─── DATA EXTRACT
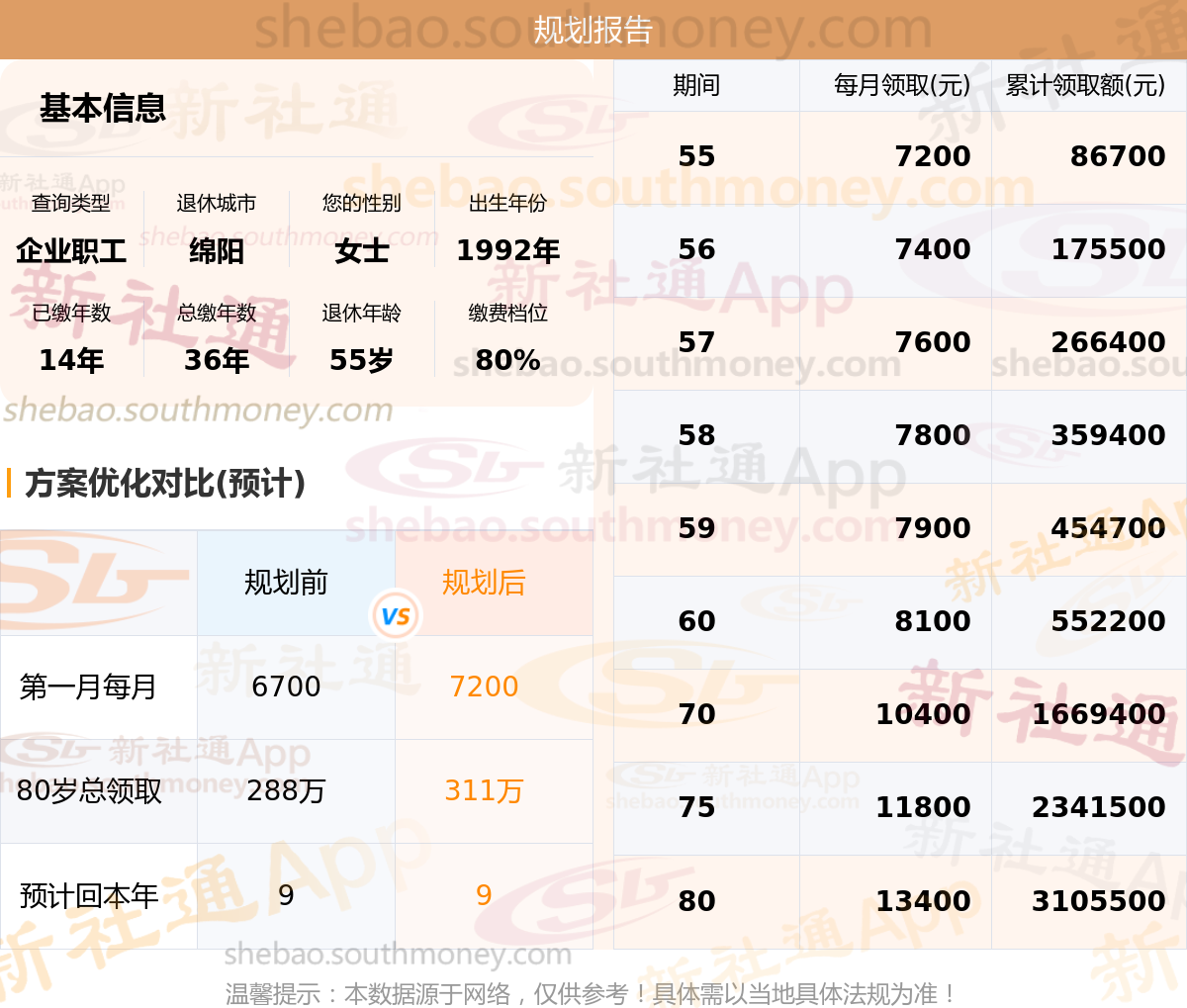 规划前:55岁第一个月约领6700元,新社通APP-养老金规划后:55岁第一个月约领7200元
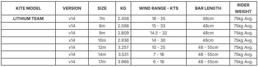 Lithium Team V14 został zaprojektowany jako minimalistyczna, ultraefektywna maszyna freeride’owa. Cieńsza krawędź natarcia, pompowana do wyższego ciśnienia znacząco redukuje opory powietrza, co przekłada się na lepszą jazdę pod wiatr, większą stabilność i szybszą reakcję na ruchy barem. Latawiec jest lekki na barze, bardzo przewidywalny i łatwy w prowadzeniu, co sprawia, że świetnie odnajdzie się zarówno w rękach ambitnych średniozaawansowanych riderów, jak i bardziej doświadczonych kitesurferów.
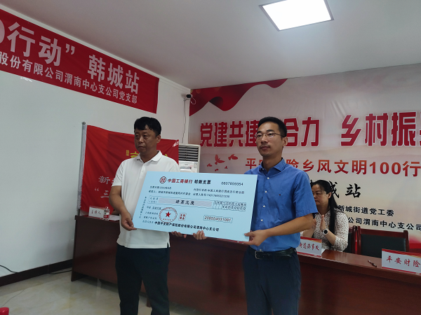 為加快推進(jìn)鄉(xiāng)村振興,實(shí)現(xiàn)集體增收、群眾致富,在市財(cái)政局、農(nóng)業(yè)農(nóng)村局、鄉(xiāng)村振興局、金融服務(wù)中心、新城街道辦事處的大力支持和促進(jìn)下,8月8日,新城街道重陽(yáng)村與平安產(chǎn)險(xiǎn)渭南中心支行在重陽(yáng)村舉行“鄉(xiāng)風(fēng)文明100行動(dòng)”簽約儀式,實(shí)行黨建共建,進(jìn)行金融幫扶,助力產(chǎn)業(yè)振興。
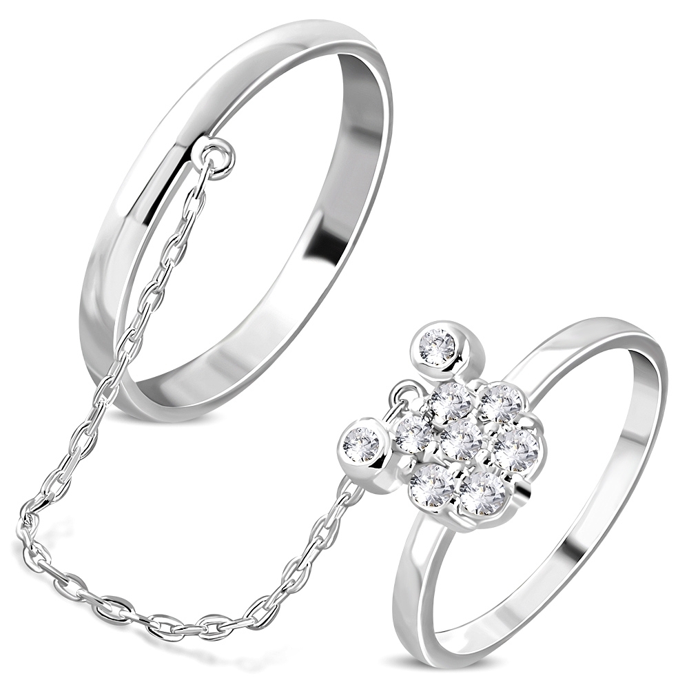 (0.8cm Wide) Brass w/ Silver Plating Micro Pave Little Mouse Two Finger Chain Linking Dangle Double Rings w/ Clear CZ - YDR007
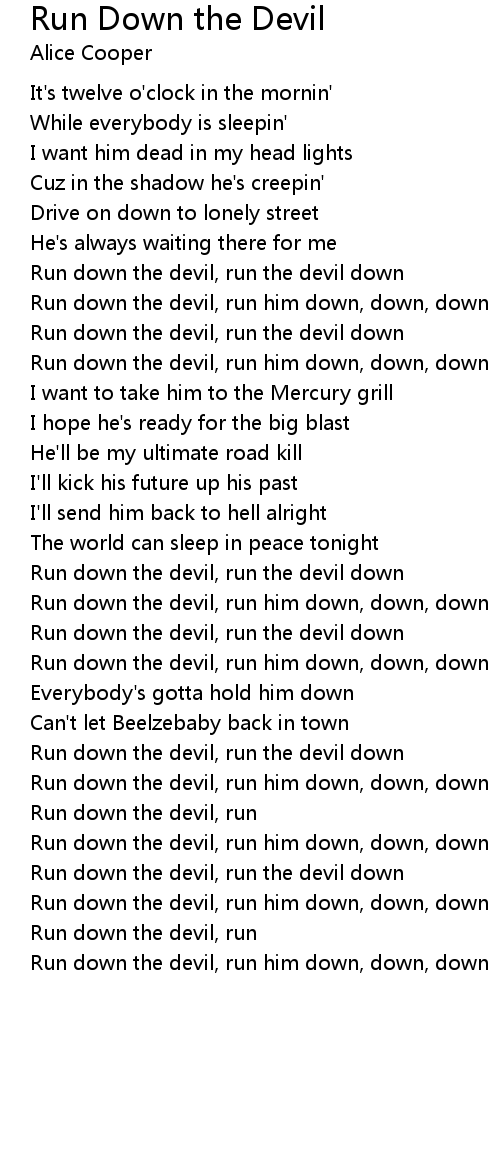 Run down the devil, run him down, down, down |
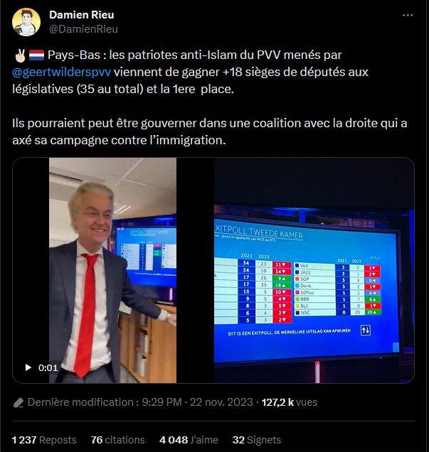 Par contre attention, le monsieur-de-l'extrême-droite-qui-va-redresser-le-pays a d'autres priorités : « En matière de politique étrangère, il défend une approche « les Pays-Bas d’abord », qui comprend la fermeture de sa représentation à Ramallah et le renforcement des liens avec Israël, notamment le déplacement de son ambassade à Jérusalem. »
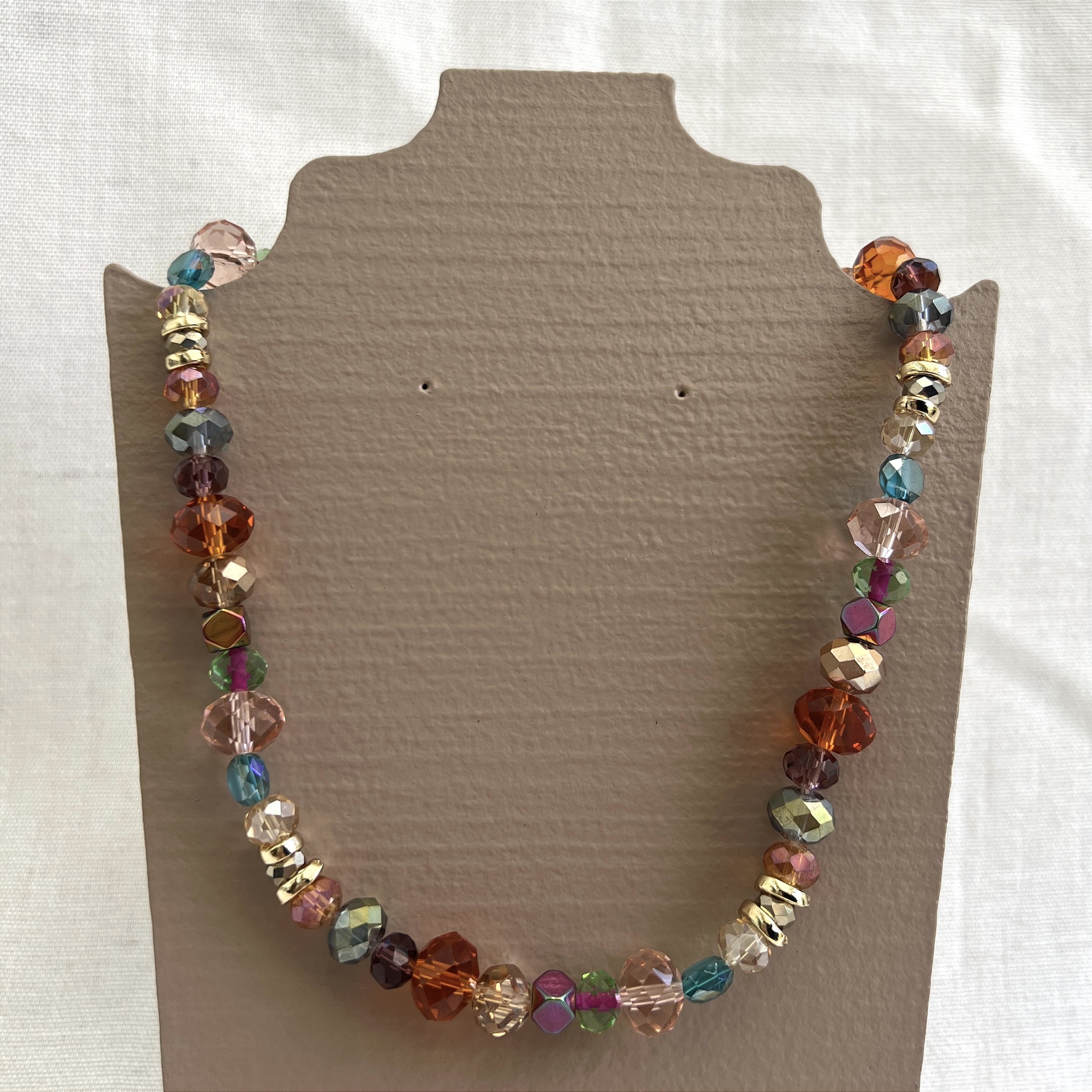 Colar com Cristais coloridos cores claras de várias formas e tamanhos - bijuteria.
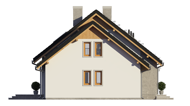 Z przodu wydaje się całkiem klasyczny... a potem niezłe zaskoczenie! Takiego tarasu na piętrze jeszcze nie widziałam w żadnym projekcie. Nie wiem, czy połączenie sypialni tarasem jest takie zupełnie okej, może wolalabym mieć balkon dla siebie, ale wygląda bardzo ciekawie z zewnątrz!
──────
TASK GOAL
Retype word for word the span of lines above that begins with the line containing "(0.8cm Wide) Brass" and ends with the last line of the records; skip all pictures.

COMPLETED TASK
 (0.8cm Wide) Brass w/ Silver Plating Micro Pave Little Mouse Two Finger Chain Linking Dangle Double Rings w/ Clear CZ - YDR007
 Run down the devil, run him down, down, down |
 Par contre attention, le monsieur-de-l'extrême-droite-qui-va-redresser-le-pays a d'autres priorités : « En matière de politique étrangère, il défend une approche « les Pays-Bas d’abord », qui comprend la fermeture de sa représentation à Ramallah et le renforcement des liens avec Israël, notamment le déplacement de son ambassade à Jérusalem. »
 Colar com Cristais coloridos cores claras de várias formas e tamanhos - bijuteria.
 Z przodu wydaje się całkiem klasyczny... a potem niezłe zaskoczenie! Takiego tarasu na piętrze jeszcze nie widziałam w żadnym projekcie. Nie wiem, czy połączenie sypialni tarasem jest takie zupełnie okej, może wolalabym mieć balkon dla siebie, ale wygląda bardzo ciekawie z zewnątrz!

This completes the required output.